SOURCE DATA —
____________
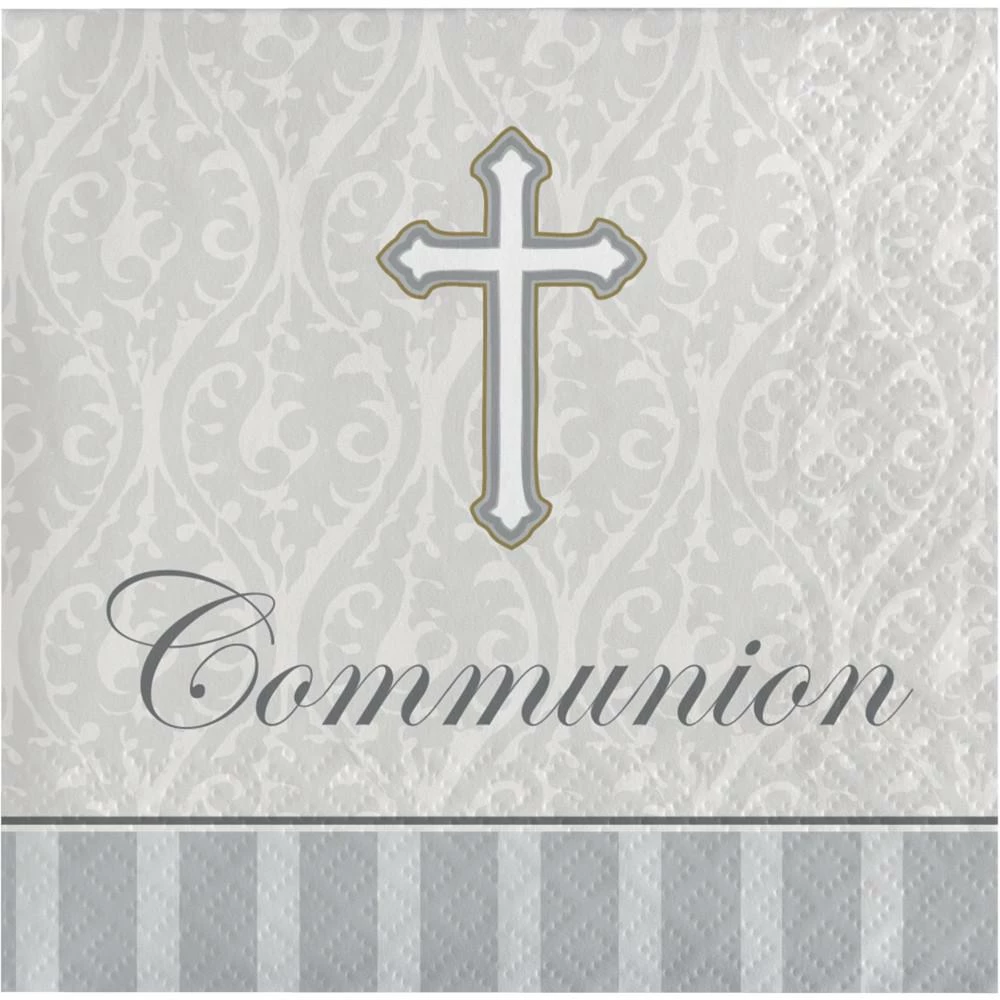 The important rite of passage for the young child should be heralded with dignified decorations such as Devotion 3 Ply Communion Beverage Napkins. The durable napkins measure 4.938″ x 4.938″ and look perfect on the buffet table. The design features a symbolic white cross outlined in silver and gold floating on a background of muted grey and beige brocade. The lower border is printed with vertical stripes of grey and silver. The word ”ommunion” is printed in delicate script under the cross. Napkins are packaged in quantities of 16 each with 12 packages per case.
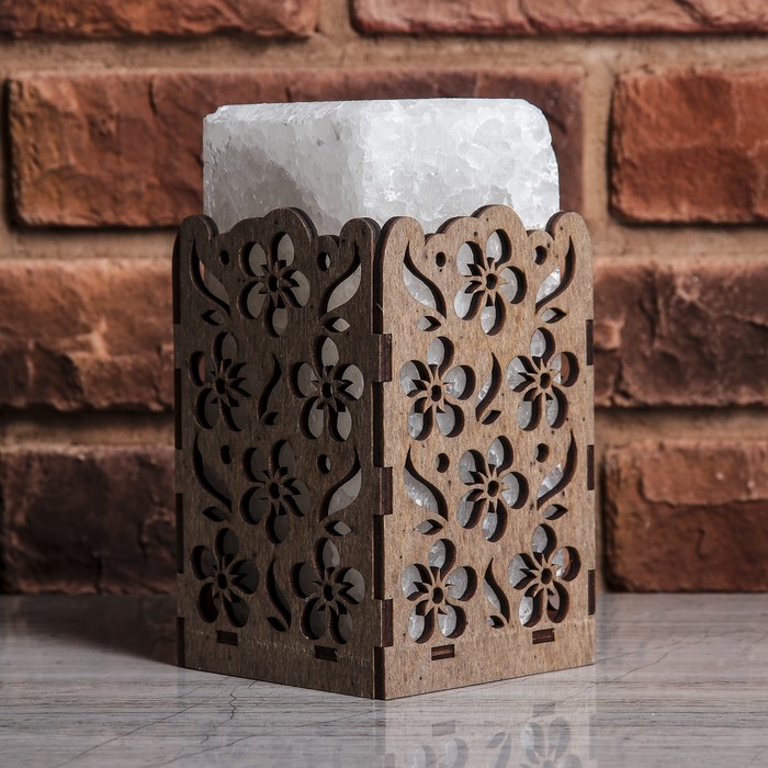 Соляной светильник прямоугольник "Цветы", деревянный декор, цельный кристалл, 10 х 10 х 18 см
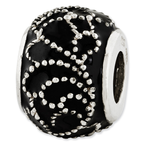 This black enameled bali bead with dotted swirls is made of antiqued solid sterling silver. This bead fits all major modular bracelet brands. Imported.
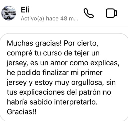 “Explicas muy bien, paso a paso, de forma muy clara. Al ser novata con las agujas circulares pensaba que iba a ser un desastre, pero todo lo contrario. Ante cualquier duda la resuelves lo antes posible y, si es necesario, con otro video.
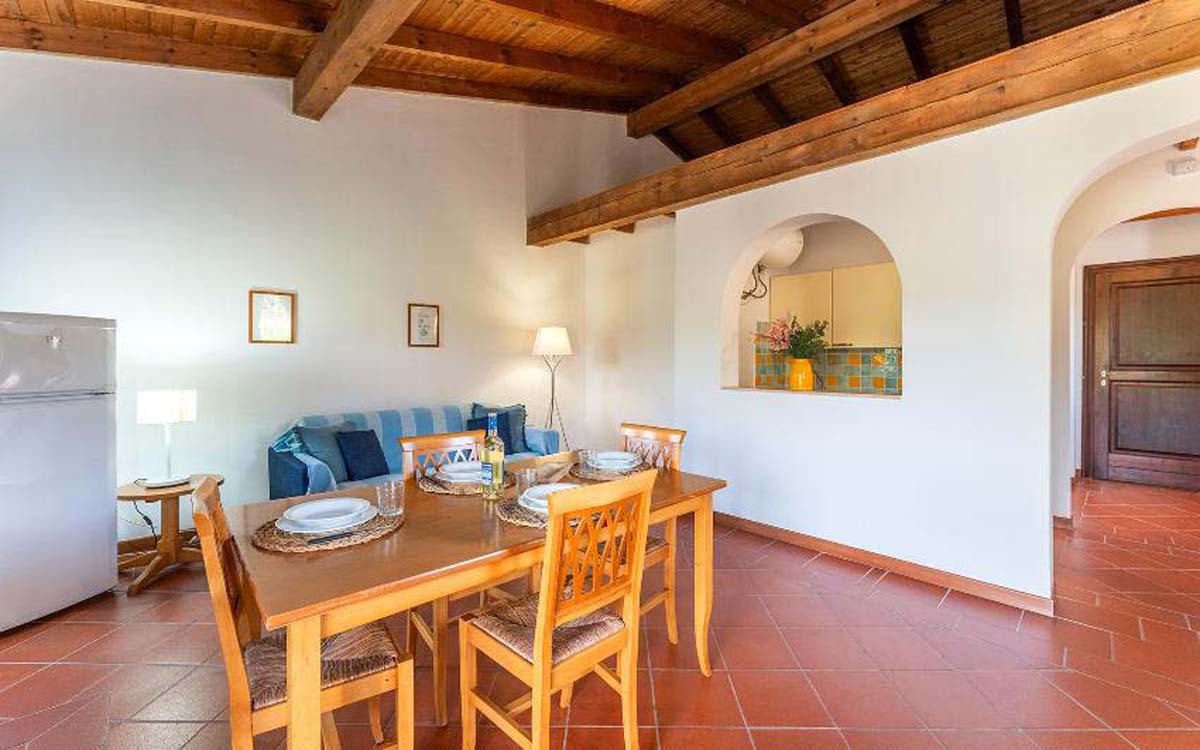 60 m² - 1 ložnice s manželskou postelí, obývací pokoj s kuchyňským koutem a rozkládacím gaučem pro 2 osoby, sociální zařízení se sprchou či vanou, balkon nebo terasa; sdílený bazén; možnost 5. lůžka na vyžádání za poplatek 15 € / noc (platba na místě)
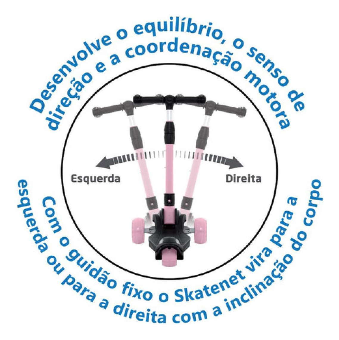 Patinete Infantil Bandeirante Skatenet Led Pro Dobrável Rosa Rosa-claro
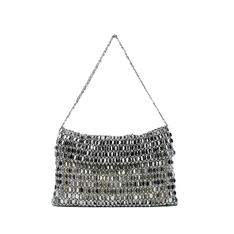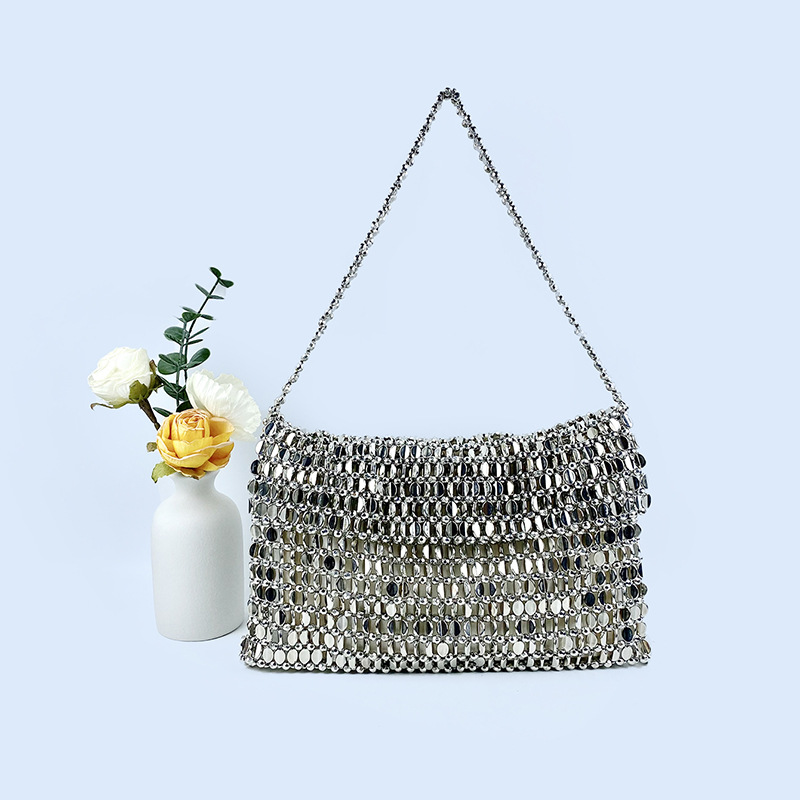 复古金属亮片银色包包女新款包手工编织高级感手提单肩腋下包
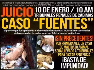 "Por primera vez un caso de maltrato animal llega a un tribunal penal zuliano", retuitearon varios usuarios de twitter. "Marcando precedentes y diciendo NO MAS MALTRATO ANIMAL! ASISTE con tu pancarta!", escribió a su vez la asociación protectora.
____________
EXERCISE REQUIREMENTS — Transcribe exactly the span of lines that opens with the line holding "This black enameled" and closes with the last line of the entries above. Omit pictures.

ANSWER SECTION —
 This black enameled bali bead with dotted swirls is made of antiqued solid sterling silver. This bead fits all major modular bracelet brands. Imported.
 “Explicas muy bien, paso a paso, de forma muy clara. Al ser novata con las agujas circulares pensaba que iba a ser un desastre, pero todo lo contrario. Ante cualquier duda la resuelves lo antes posible y, si es necesario, con otro video.
 60 m² - 1 ložnice s manželskou postelí, obývací pokoj s kuchyňským koutem a rozkládacím gaučem pro 2 osoby, sociální zařízení se sprchou či vanou, balkon nebo terasa; sdílený bazén; možnost 5. lůžka na vyžádání za poplatek 15 € / noc (platba na místě)
 Patinete Infantil Bandeirante Skatenet Led Pro Dobrável Rosa Rosa-claro
 复古金属亮片银色包包女新款包手工编织高级感手提单肩腋下包
 "Por primera vez un caso de maltrato animal llega a un tribunal penal zuliano", retuitearon varios usuarios de twitter. "Marcando precedentes y diciendo NO MAS MALTRATO ANIMAL! ASISTE con tu pancarta!", escribió a su vez la asociación protectora.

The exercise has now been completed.